--- START ---
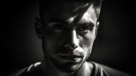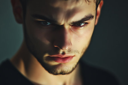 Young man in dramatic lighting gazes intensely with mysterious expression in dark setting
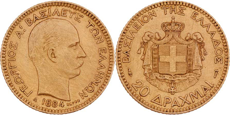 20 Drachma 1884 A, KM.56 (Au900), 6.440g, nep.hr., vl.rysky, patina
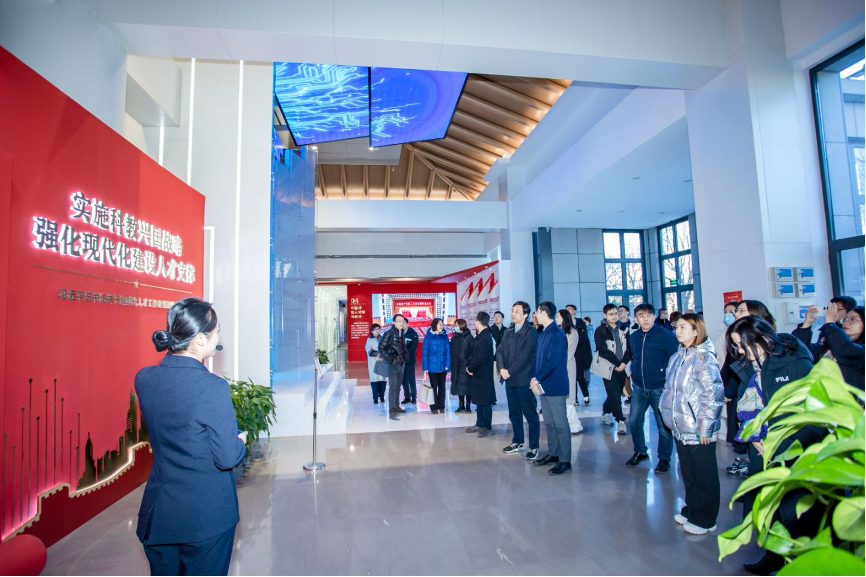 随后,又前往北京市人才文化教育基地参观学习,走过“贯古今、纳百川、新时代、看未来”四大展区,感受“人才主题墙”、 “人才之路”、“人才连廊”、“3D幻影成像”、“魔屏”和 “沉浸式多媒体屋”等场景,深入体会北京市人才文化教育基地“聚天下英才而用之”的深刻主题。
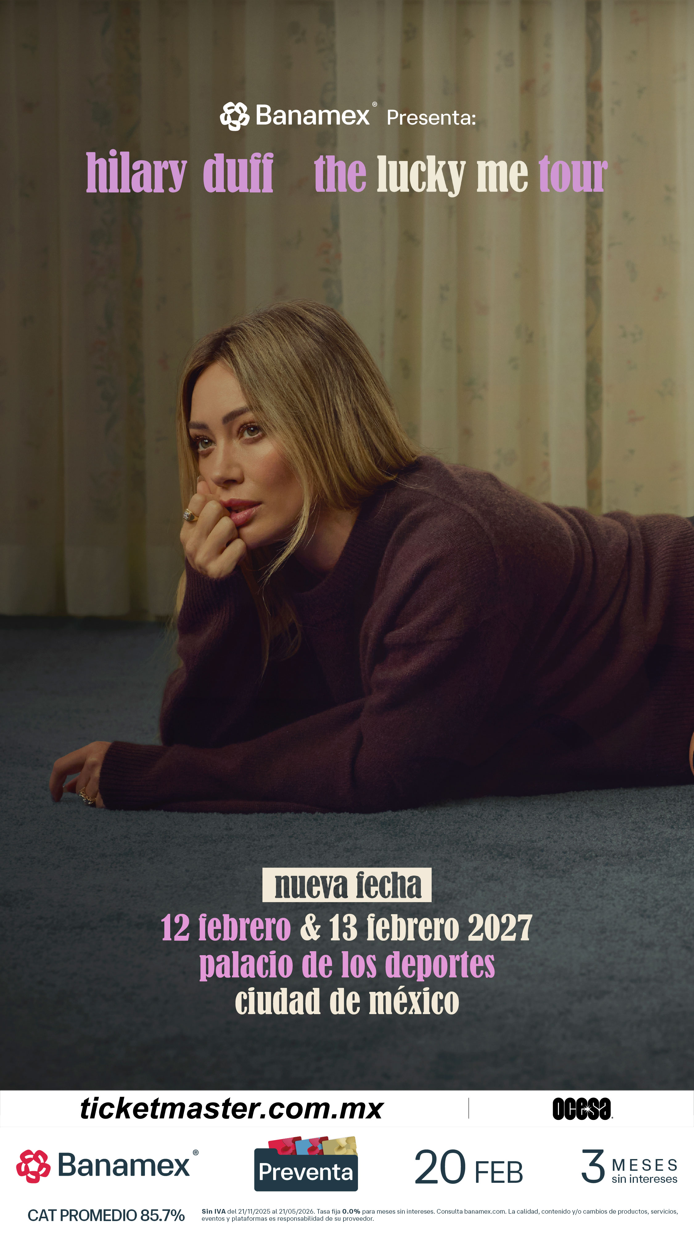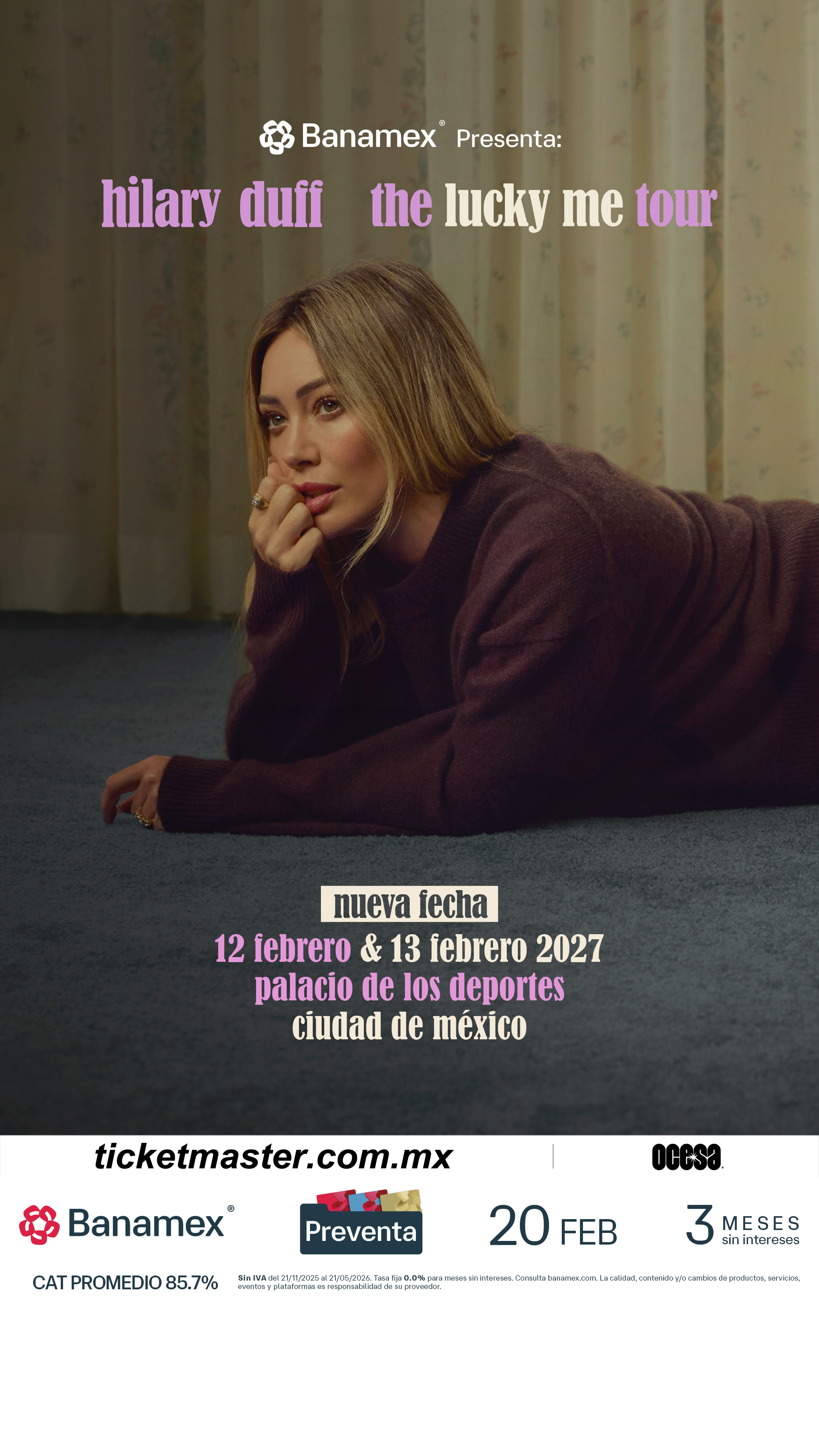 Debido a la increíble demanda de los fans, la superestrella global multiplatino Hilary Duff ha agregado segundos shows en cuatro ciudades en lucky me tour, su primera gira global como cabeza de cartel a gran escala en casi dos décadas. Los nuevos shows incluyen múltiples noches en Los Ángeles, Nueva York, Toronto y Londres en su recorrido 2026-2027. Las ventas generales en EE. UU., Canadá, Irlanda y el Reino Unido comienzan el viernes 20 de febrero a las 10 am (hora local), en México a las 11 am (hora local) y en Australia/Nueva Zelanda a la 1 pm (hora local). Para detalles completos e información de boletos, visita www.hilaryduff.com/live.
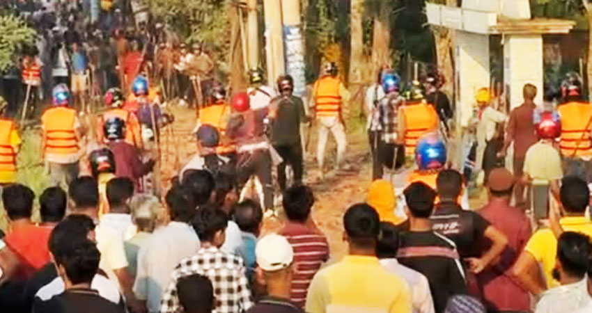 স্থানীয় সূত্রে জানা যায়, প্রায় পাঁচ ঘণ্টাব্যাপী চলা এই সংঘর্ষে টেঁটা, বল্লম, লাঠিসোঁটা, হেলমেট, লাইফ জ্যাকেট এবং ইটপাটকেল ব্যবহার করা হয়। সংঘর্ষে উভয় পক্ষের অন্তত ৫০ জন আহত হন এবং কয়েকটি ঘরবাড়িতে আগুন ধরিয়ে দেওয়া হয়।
--- END ---
--- START ---
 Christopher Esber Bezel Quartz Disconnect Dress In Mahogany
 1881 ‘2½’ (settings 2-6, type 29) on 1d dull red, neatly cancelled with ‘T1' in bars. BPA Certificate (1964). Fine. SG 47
--- END ---
--- START ---
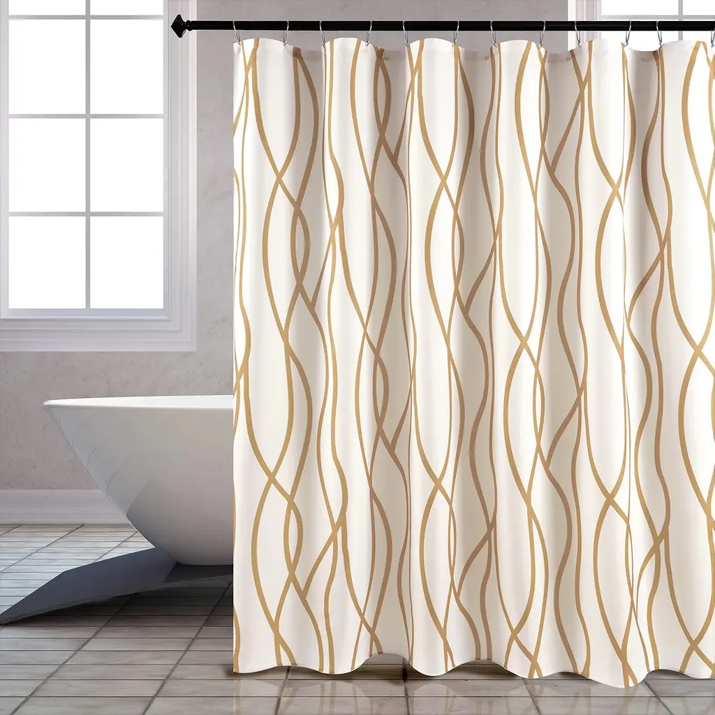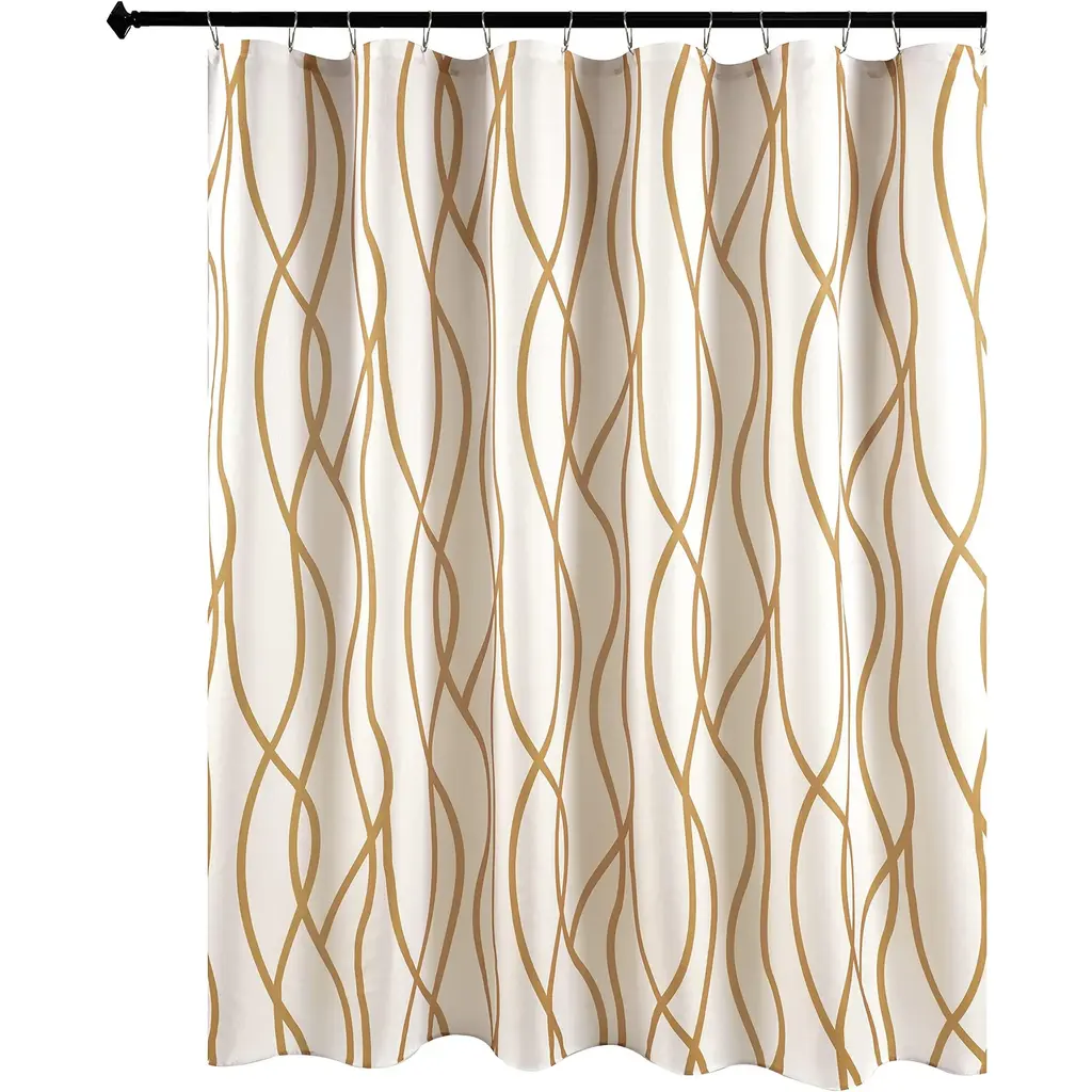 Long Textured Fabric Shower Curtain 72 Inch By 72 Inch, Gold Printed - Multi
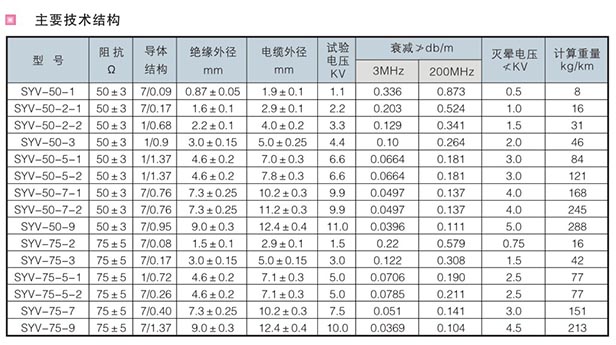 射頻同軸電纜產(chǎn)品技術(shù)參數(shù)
--- END ---
**REQUIRED ACTION:** Above are records; repeat only the lines from the line with "Young man in" through the line with "স্থানীয় সূত্রে জানা", and leave pictures out.

**SOLUTION TO THE EXERCISE:**
 Young man in dramatic lighting gazes intensely with mysterious expression in dark setting
 20 Drachma 1884 A, KM.56 (Au900), 6.440g, nep.hr., vl.rysky, patina
 随后,又前往北京市人才文化教育基地参观学习,走过“贯古今、纳百川、新时代、看未来”四大展区,感受“人才主题墙”、 “人才之路”、“人才连廊”、“3D幻影成像”、“魔屏”和 “沉浸式多媒体屋”等场景,深入体会北京市人才文化教育基地“聚天下英才而用之”的深刻主题。
 Debido a la increíble demanda de los fans, la superestrella global multiplatino Hilary Duff ha agregado segundos shows en cuatro ciudades en lucky me tour, su primera gira global como cabeza de cartel a gran escala en casi dos décadas. Los nuevos shows incluyen múltiples noches en Los Ángeles, Nueva York, Toronto y Londres en su recorrido 2026-2027. Las ventas generales en EE. UU., Canadá, Irlanda y el Reino Unido comienzan el viernes 20 de febrero a las 10 am (hora local), en México a las 11 am (hora local) y en Australia/Nueva Zelanda a la 1 pm (hora local). Para detalles completos e información de boletos, visita www.hilaryduff.com/live.
 স্থানীয় সূত্রে জানা যায়, প্রায় পাঁচ ঘণ্টাব্যাপী চলা এই সংঘর্ষে টেঁটা, বল্লম, লাঠিসোঁটা, হেলমেট, লাইফ জ্যাকেট এবং ইটপাটকেল ব্যবহার করা হয়। সংঘর্ষে উভয় পক্ষের অন্তত ৫০ জন আহত হন এবং কয়েকটি ঘরবাড়িতে আগুন ধরিয়ে দেওয়া হয়।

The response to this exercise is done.